YOUR INSTRUCTIONS: Below are the records; extract from them the line containing "Die Wirkung der" to the line containing "和光市イメージキャラクター 「わこうっち」「さつきちゃん」", both lines included, exactly and with no pictures.

RECORDS PROVIDED:

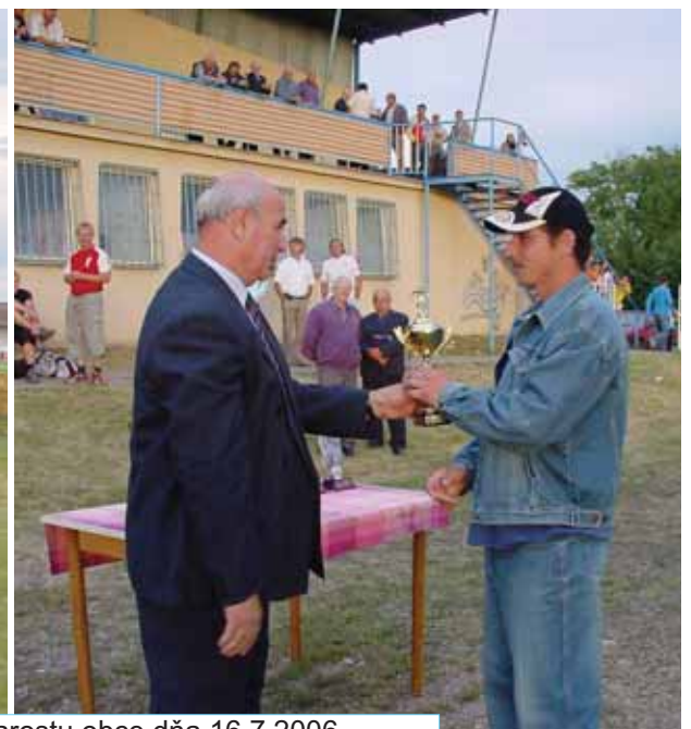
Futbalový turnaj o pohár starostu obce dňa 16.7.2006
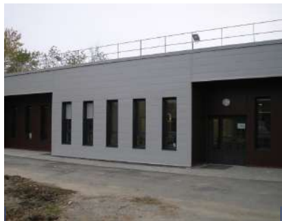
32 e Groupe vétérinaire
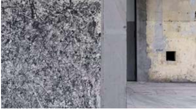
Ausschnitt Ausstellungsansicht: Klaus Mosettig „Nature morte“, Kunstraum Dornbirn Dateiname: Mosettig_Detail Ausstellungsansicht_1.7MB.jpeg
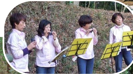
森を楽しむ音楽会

---

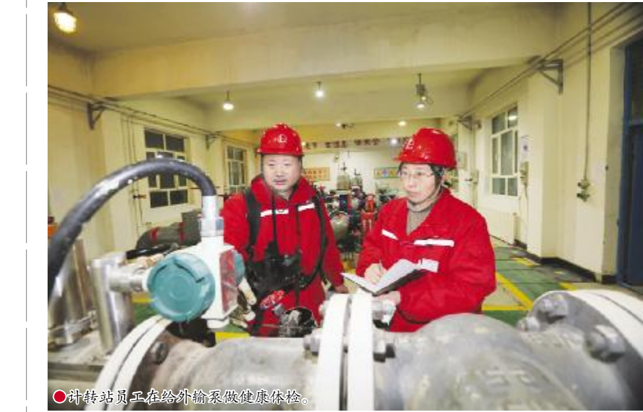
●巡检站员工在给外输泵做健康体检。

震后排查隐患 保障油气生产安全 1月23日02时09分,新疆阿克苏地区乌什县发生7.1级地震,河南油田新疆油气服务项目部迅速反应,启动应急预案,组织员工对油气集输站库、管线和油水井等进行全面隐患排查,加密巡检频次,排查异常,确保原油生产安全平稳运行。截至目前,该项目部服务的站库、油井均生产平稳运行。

...

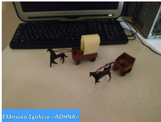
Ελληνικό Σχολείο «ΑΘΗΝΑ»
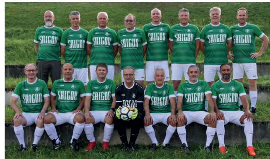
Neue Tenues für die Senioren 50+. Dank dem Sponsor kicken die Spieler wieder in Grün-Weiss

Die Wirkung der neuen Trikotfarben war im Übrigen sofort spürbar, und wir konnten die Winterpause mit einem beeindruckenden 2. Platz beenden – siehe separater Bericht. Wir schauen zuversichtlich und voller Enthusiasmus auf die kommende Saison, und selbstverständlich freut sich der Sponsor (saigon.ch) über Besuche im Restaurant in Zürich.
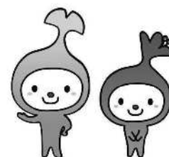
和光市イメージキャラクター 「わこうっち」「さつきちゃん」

FINAL ANSWER:
Die Wirkung der neuen Trikotfarben war im Übrigen sofort spürbar, und wir konnten die Winterpause mit einem beeindruckenden 2. Platz beenden – siehe separater Bericht. Wir schauen zuversichtlich und voller Enthusiasmus auf die kommende Saison, und selbstverständlich freut sich der Sponsor (saigon.ch) über Besuche im Restaurant in Zürich.
和光市イメージキャラクター 「わこうっち」「さつきちゃん」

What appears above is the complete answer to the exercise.